:: Information provided

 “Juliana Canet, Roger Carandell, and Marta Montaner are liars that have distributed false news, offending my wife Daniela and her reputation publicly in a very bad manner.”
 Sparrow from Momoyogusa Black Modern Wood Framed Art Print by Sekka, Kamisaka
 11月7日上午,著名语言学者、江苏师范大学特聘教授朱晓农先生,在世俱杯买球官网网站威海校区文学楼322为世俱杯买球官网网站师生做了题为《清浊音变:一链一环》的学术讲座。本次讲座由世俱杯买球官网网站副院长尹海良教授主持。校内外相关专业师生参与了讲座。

::::
:: Information provided

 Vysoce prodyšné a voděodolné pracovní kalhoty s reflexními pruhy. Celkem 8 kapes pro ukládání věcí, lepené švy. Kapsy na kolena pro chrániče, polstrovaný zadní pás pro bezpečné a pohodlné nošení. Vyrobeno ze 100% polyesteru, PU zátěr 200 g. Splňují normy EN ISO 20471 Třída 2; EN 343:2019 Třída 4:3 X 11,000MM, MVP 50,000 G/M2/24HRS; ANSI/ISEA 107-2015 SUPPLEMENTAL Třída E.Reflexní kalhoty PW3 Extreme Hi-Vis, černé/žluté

::::

## How to complete this task
Within the listing above, extract exactly the lines from the line with "Roger Carandell, and" to the line with "Sparrow from Momoyogusa", the two named lines included, and no others.

## Answer to the problem
 “Juliana Canet, Roger Carandell, and Marta Montaner are liars that have distributed false news, offending my wife Daniela and her reputation publicly in a very bad manner.”
 Sparrow from Momoyogusa Black Modern Wood Framed Art Print by Sekka, Kamisaka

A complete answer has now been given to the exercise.